- Division: Western Division (1979–1980) Coastal Division (1980–1981)
- League: Women's Professional Basketball League
- Founded: 1979
- Folded: 1981
- History: San Francisco Pioneers 1979–1981
- Arena: San Francisco Civic Auditorium (1979-1981)
- Location: San Francisco, CA
- Team colors: Columbia Blue, yellow, white

= San Francisco Pioneers (WBL) =

The San Francisco Pioneers were an American professional basketball team that played two seasons in the Women's Professional Basketball League (WBL) from 1979 to 1981. The first women's professional basketball team in San Francisco, California, it was owned by a stockbroker named Marshall Geller and partners, including Alan Alda and Mike Conners, and played its home games at the San Francisco Civic Auditorium. Geller, who named the team, and his ownership group acquired the basketball team for a $100,000 expansion fee.

== History ==
===1979–80===
In their first season, the Pioneers roster was composed primarily of standout players who had competed at colleges and universities in California. Coached by Frank LaPorte, the Pioneers finished their first regular season with an 18-18 record. After winning a first round playoff game against the Houston Angels, their season concluded after losing to the eventual WBL champion, the New York Stars. Marshall Geller was named the WBL Owner of the Year.

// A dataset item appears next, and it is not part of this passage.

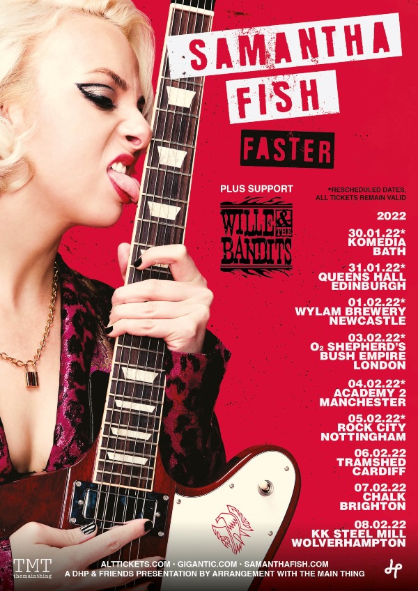 On the UK tour, Samantha and Jesse will perform songs from their new album “Death WishBlues” including the new single “Lover On The Side,” and the radio smash “Deathwish.” Samantha will also perform songs from her 2021 album “Faster” featuring the singles “Twisted Ambition”, “All Ice, No Whiskey”, “Better Be Lonely” and the title track “Faster”. Samantha will also perform songs from her back catalogue including the popular “Bulletproof” from her 2019 album, “Kill Or Be Kind.”After launching her recording career in 2009, Samantha Fish established herself as a rising star in the contemporary blues world. The charismatic singer-guitarist-songwriter has earned a reputation as a rising guitar hero and powerful live performer, while releasing a series of acclaimed albums that have shown her restless creative spirit consistently pushing her in new, exciting, and often unexpected musical directions.

Anita Ortega, a graduate of University of California, Los Angeles (UCLA), finished the Pioneers first season as the leading point scorer with 867 points, an average of 24.1 points per game, and the team's leader in assists, with 187. Kim Hansen, a graduate of Grand Valley State, was the team's top rebounder, pulling down 383 rebounds, and Pat Mayo, a graduate of Montclair State, led the team in steals, with 199.

===1980–81===
Approximately two months into their second season, LaPorte was fired and replaced by a former National Basketball Association (NBA) player, Dean Meminger. During the previous season, Meminger, as the coach of the New York Stars, had won the WBL title. The Pioneers finished their second, and final, season with a record of 14-22. In their second season, "Machine Gun" Molly Bolin, a graduate of Grandview College, led the Pioneers in scoring, finishing with 733 points, a 26.8 points per game average. Doris Draving, a graduate of East Stroudsbourg State, led the team in rebounding, pulling down 314 rebounds, and Cardie Hicks, a graduate of California State University, Northridge, led the team in assists, with 126.

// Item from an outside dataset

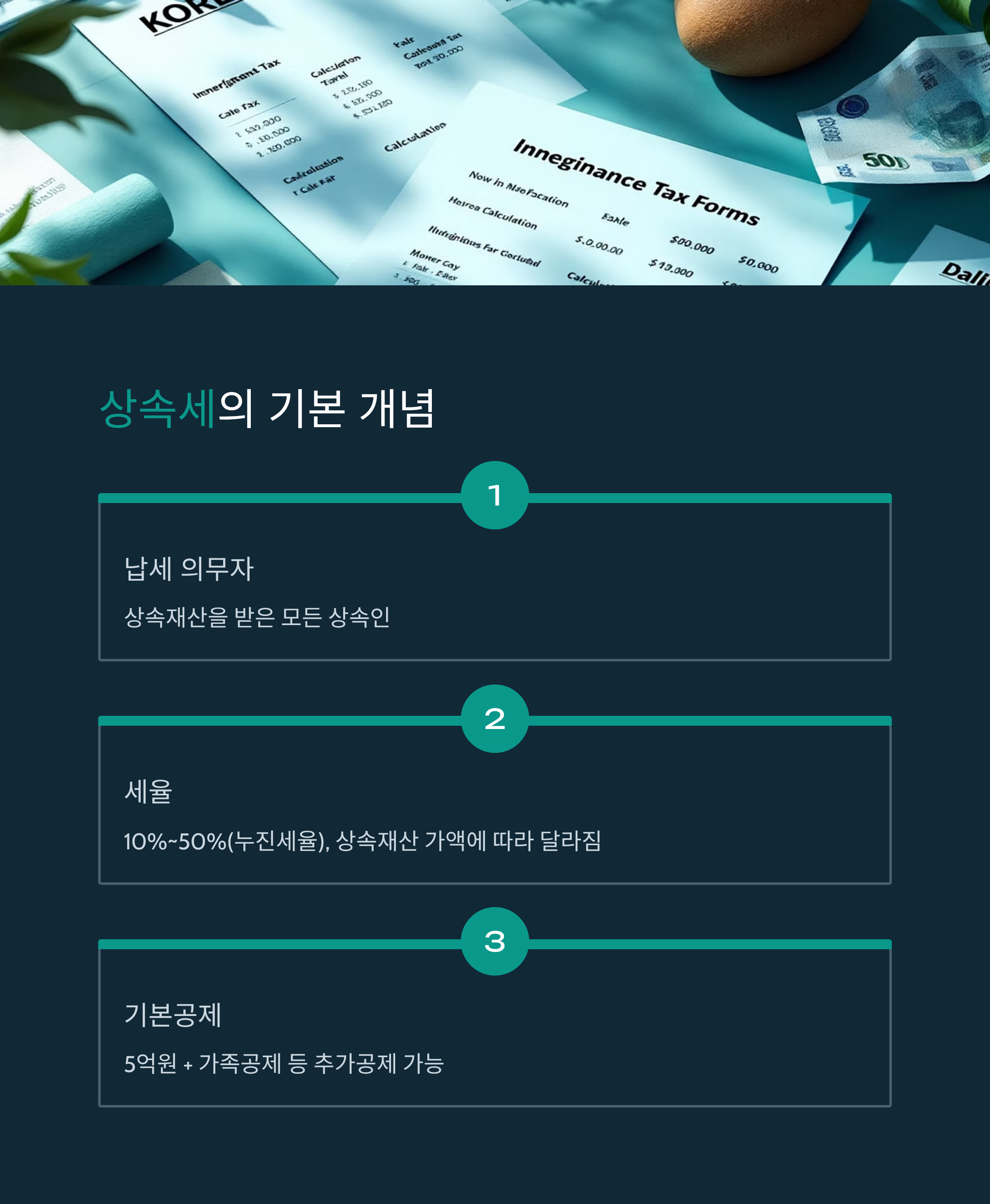 | 주요 공제 | 일괄 공제 (5억), 배우자 공제, 금융재산 공제 등 |

==Season-by-season record==
Note: GP = Games played, W = Wins, L = Losses, W–L% = Winning percentage

| Season | GP | W | L | W–L% | Finish | Playoffs |
| 1979–80 | 36 | 18 | 18 | .500 | 2nd, Western | Lost in semi-finals, 0–2 (Stars) |
| 1980–81 | 36 | 14 | 22 | .389 | 4th, Coastal | DNQ |

==Individual awards==
WBL All-Pro team
- Anita Ortega - 1980
- Cindy Haugejorde - 1981
- Molly Bolin - 1981
- Pat Mayo - 1980

WBL All-Star
- Anita Ortega - 1980
- Cindy Haugejorde - 1981
- Cardie Hicks - 1981
- Molly Bolin - 1981
- Pat Mayo - 1980

==Head coaches==
- Frank LaPorte (1979–1980)
- Dean Meminger (1980–1981)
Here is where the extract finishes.